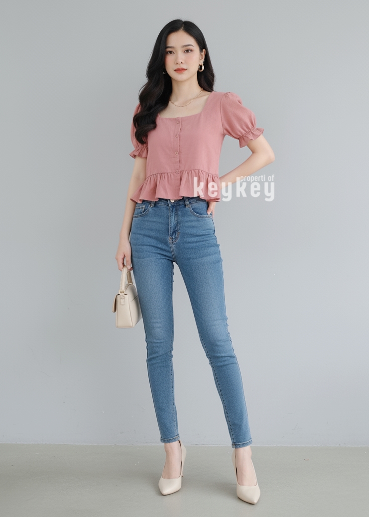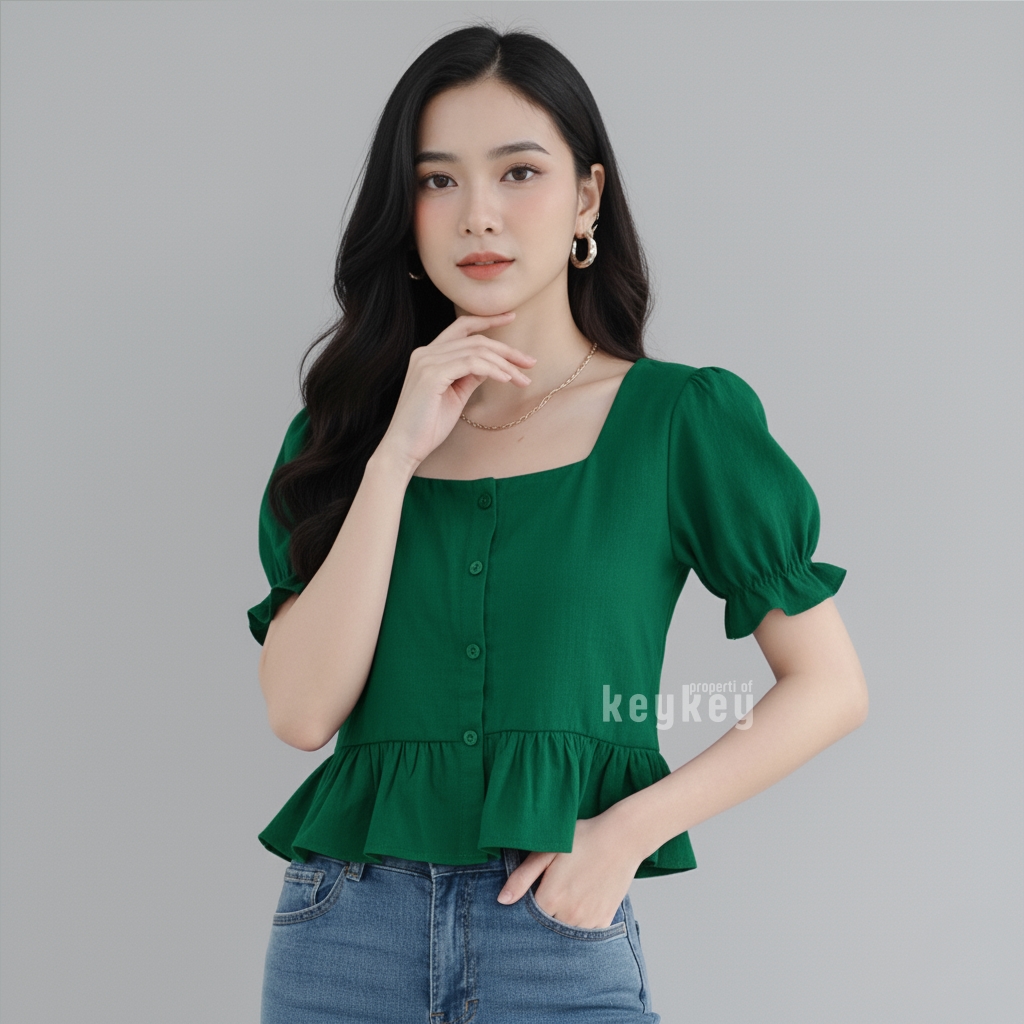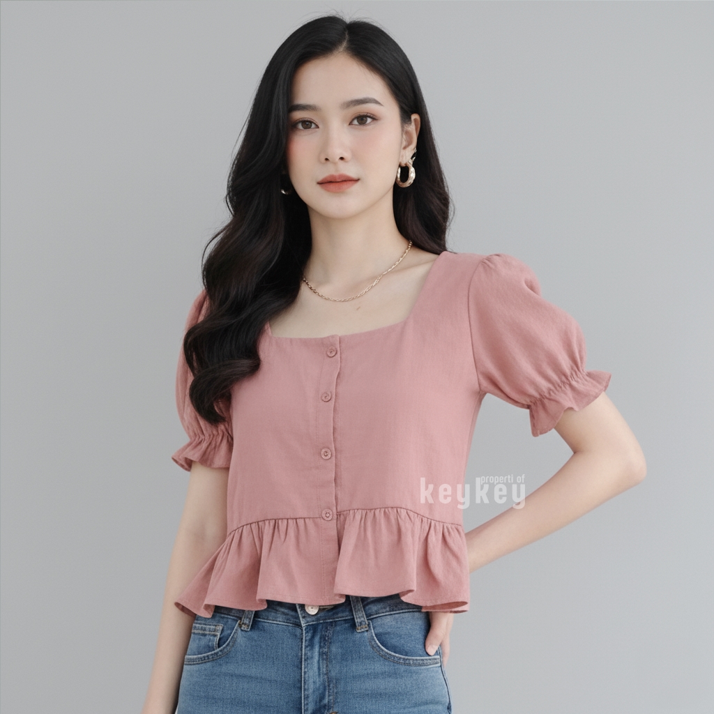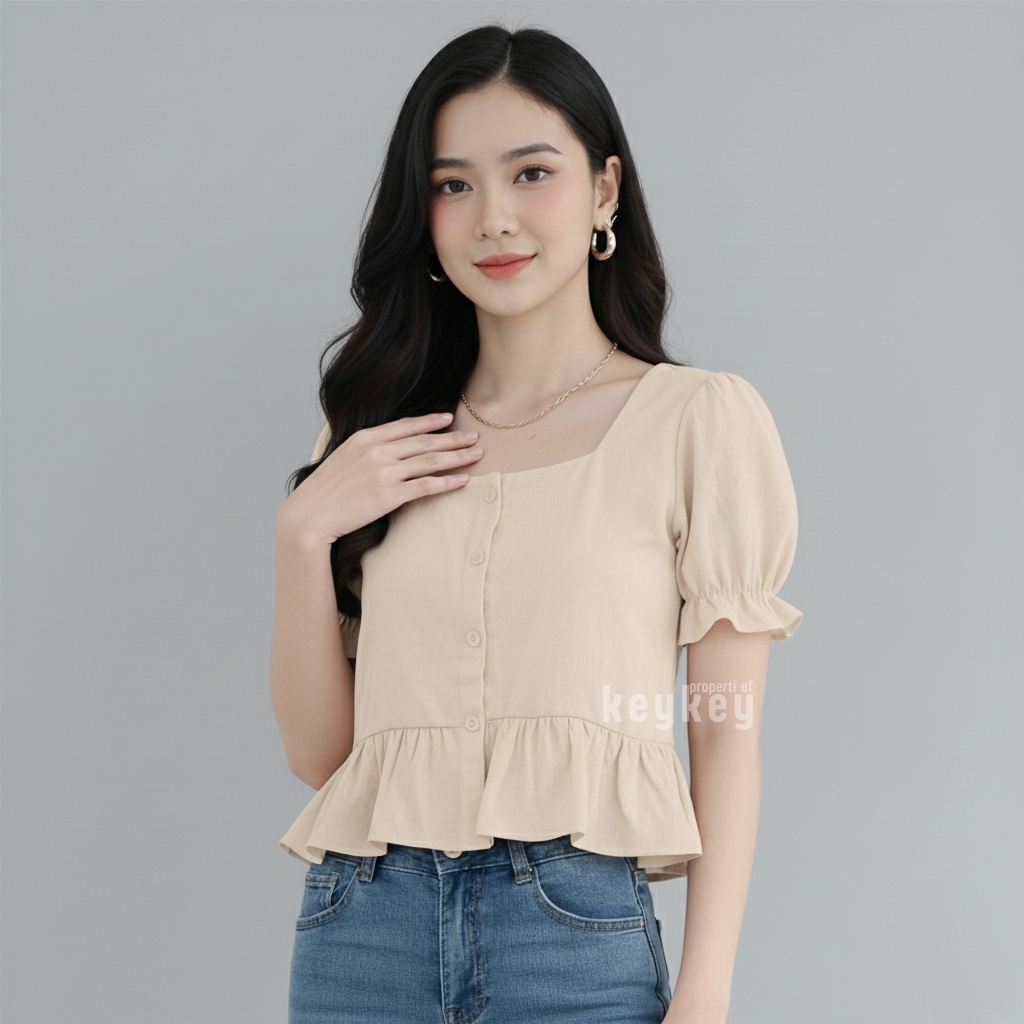 👗 Model: Square Neckline + Peplum Ruffle
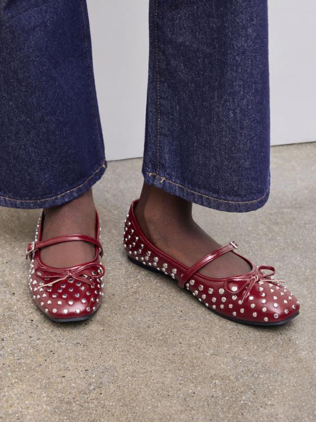 Cider Mary Janes | Women BOWKNOT STUDDED MARY JANE FLATS Wine
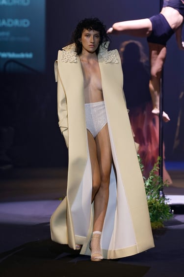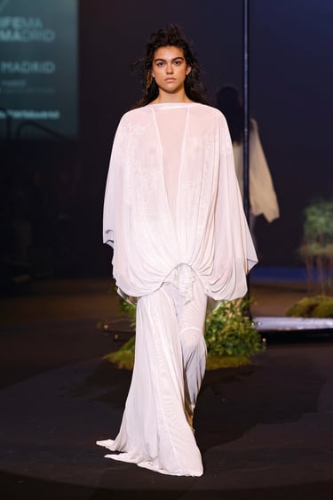 La propuesta de Lafuente no se limita a la estética: se despliega como un ejercicio de investigación textil, de innovación en materiales y de emoción contenida. Cada prenda parece tener vida propia sobre la pasarela, fluyendo, tensándose, desplegándose más allá del silencio del reposo.
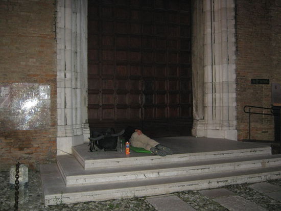 Die müdigkeit war so groß, dass wir uns im Hinterhof einer Kirche auf der Plane hinlegten um etwas zu schlafen, es ging aber nicht. Die Mücken waren zu hunderten da, und piesackten uns permanent.
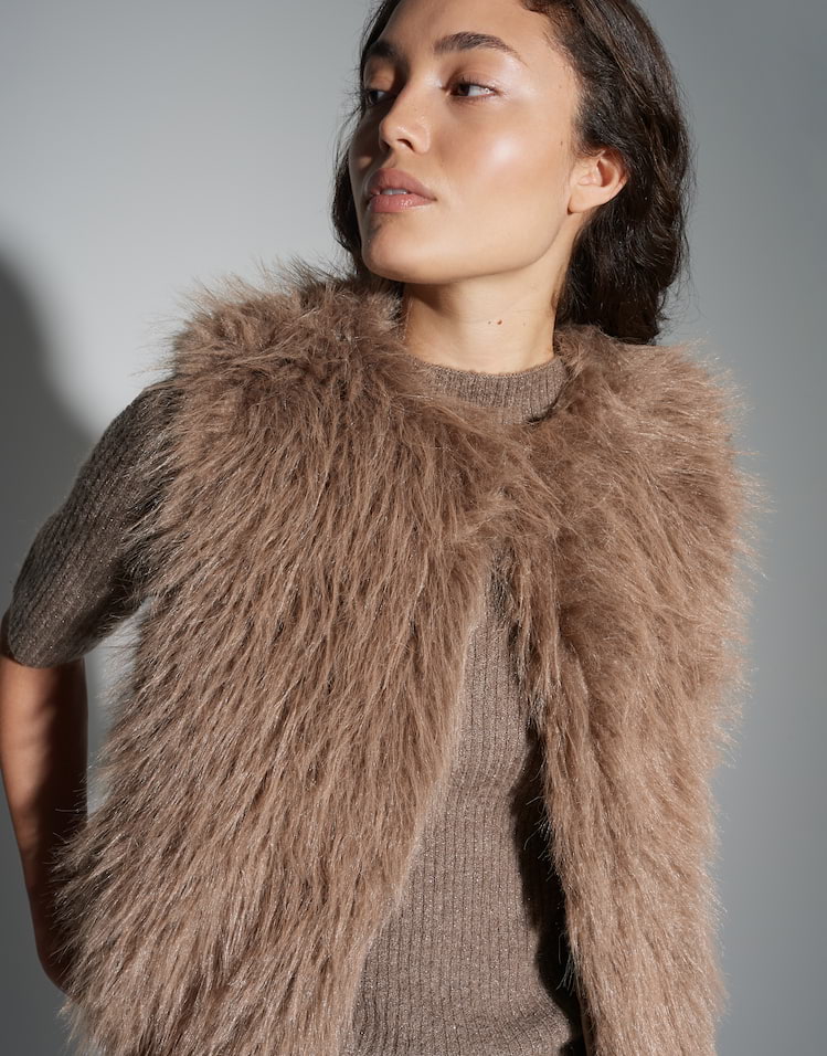 Weste aus weichem, langhaarigem Webpelz im Boho-Style verleiht jedem Outfit als Trendpiece sofort modische Präsenz. Mit Hakenverschluss und seitlichen Eingrifftaschen sorgt sie für stylischen Komfort und einen markanten Look.
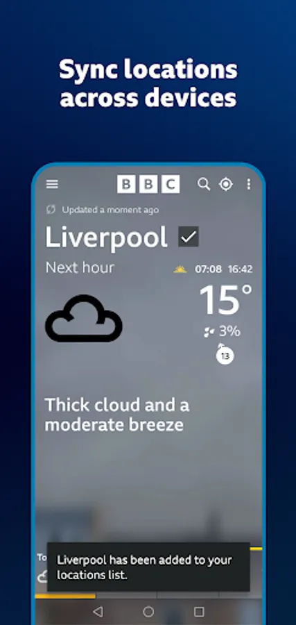 If you choose to enable this feature for the BBC Weather widget, we request permission to access your device’s location while the app is closed or not in use. This ensures that the widget can continuously display the most up-to-date forecast for your current location.
::::::::::
● WORK REQUEST: Begin at the first line of the data above and repeat each line exactly, stopping after the line containing "Die müdigkeit war". Omit the pictures.

● EXPECTED ANSWER:
 👗 Model: Square Neckline + Peplum Ruffle
 Cider Mary Janes | Women BOWKNOT STUDDED MARY JANE FLATS Wine
 La propuesta de Lafuente no se limita a la estética: se despliega como un ejercicio de investigación textil, de innovación en materiales y de emoción contenida. Cada prenda parece tener vida propia sobre la pasarela, fluyendo, tensándose, desplegándose más allá del silencio del reposo.
 Die müdigkeit war so groß, dass wir uns im Hinterhof einer Kirche auf der Plane hinlegten um etwas zu schlafen, es ging aber nicht. Die Mücken waren zu hunderten da, und piesackten uns permanent.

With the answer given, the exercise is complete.